Equipment
Ingredients
Main Components
- 1000 g russet potatoes, peeled and cut into 2.5cm cubes
- 6 garlic, minced
- 120 ml whole milk, cold
- 115 g unsalted butter, cut into pieces
- 10 g kosher salt
Nutrition (per serving)
Method
Peel the russet potatoes and dice them into uniform 2.5cm (1-inch) cubes. Mince the garlic finely.
Place the diced potatoes in a large pot and cover with cold water by at least 2cm. Season the water generously with salt. Bring to a boil over high heat, then reduce to a medium simmer. Cook for 15 to 20 minutes.
While the potatoes are simmering, combine the milk, butter, and minced garlic in a small saucepan over low heat. Bring to a gentle simmer at roughly 60°C (140°F), allowing the garlic to steep and infuse into the dairy.

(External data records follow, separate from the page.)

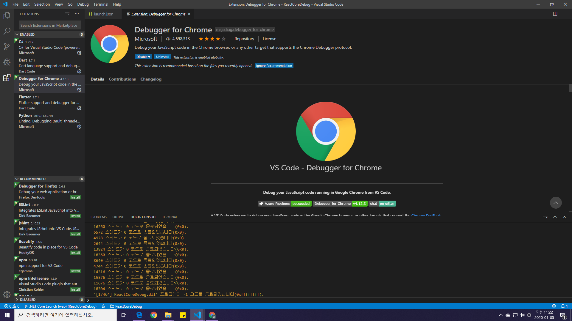 1. Debugger for Chrome 설치
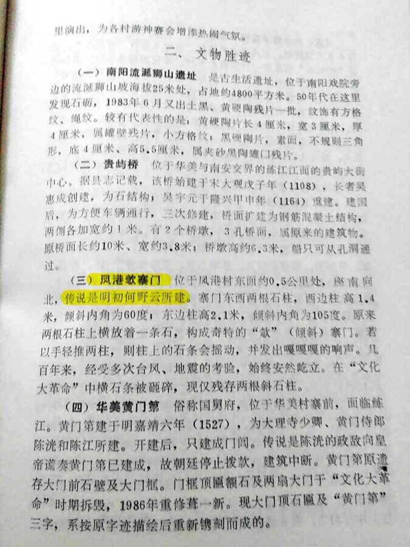 1369年,明洪武二年,何野云在陈店为指点草尾乡建寨门,此时何野云44岁。而认祖宗的人,此时15岁。
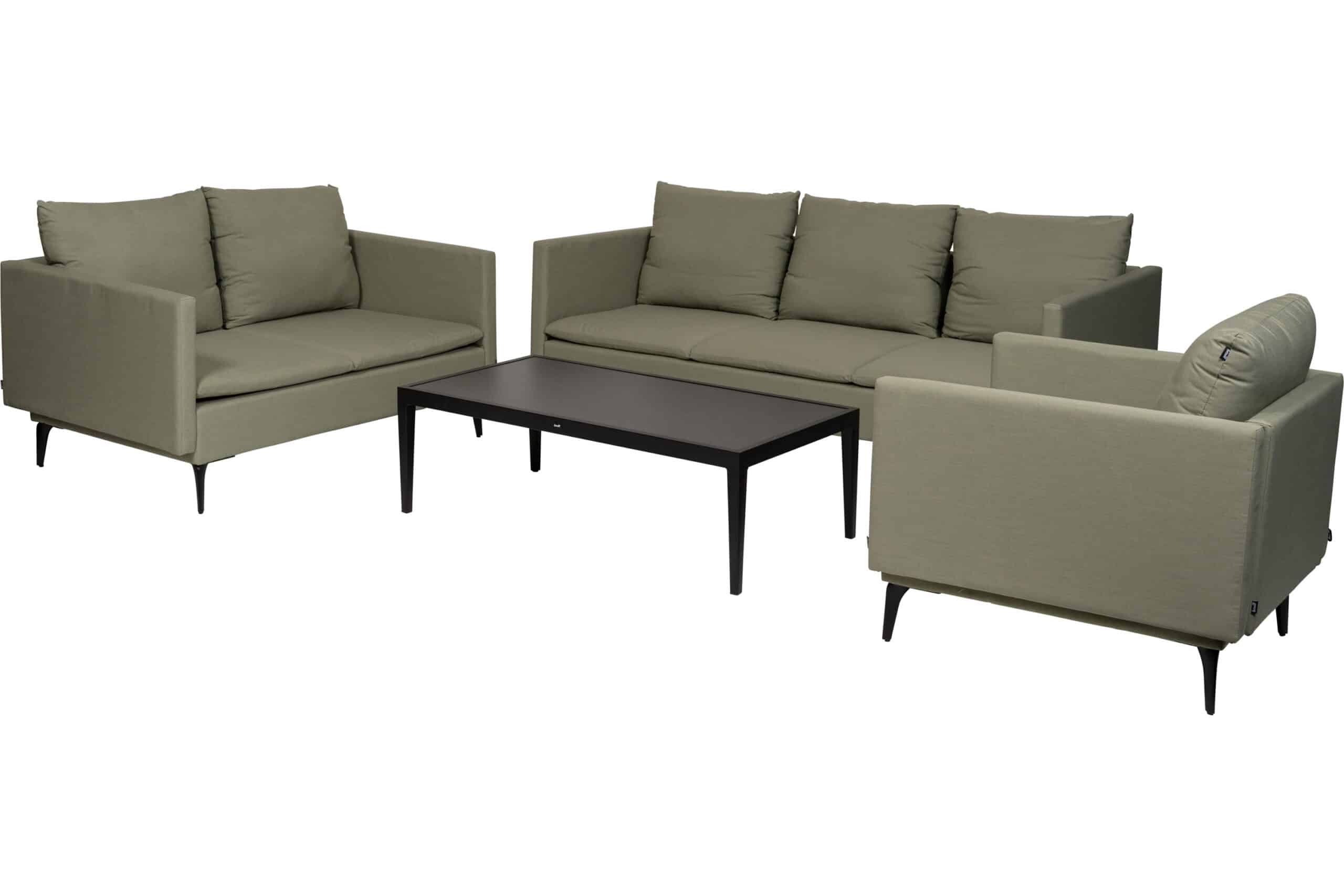 Hunter sofagruppe består av en 3-seter, en 2-seter og en sofastol — sammen med et sofabord med bordplate i keramisk flis. Alt er i sortlakkert aluminium som aldri ruster, og den større gruppen gir god sittekapasitet uten at det blir trangt mellom møblene.

Drain the potatoes thoroughly in a colander. Return the potatoes to the empty, hot pot off the heat. Let them sit for 1 to 2 minutes to let excess steam and surface moisture evaporate.
Mash the potatoes thoroughly using a potato masher, or pass them through a ricer for an ultra-smooth texture.
Gradually pour the warm garlic, butter, and milk mixture over the potatoes. Fold gently with a spatula until just combined. Season with kosher salt to taste and serve immediately.
Chef's Notes
- Always start potatoes in cold water. If you drop them into boiling water, the outsides will overcook and turn to mush before the insides are tender.
- Steeping the minced garlic in the warm milk and melted butter tames its sharp, raw bite while allowing its deep savory flavors to bloom into the fat.
- Russet potatoes are high-starch and low-moisture, making them the absolute best choice for a light, fluffy mash. Waxy potatoes like red skins require a different approach.
- Adding cold milk or butter to hot potatoes cools them down and prevents the starches from absorbing the fat properly. Always warm your dairy additions.
Storage
Refrigerator: 4 days — Store in an airtight container.
Freezer: 1 month — Freezing alters texture slightly; thaw overnight and aggressively whisk while reheating.
Reheating: Reheat gently on the stovetop or in the microwave, adding a splash of milk to restore creaminess.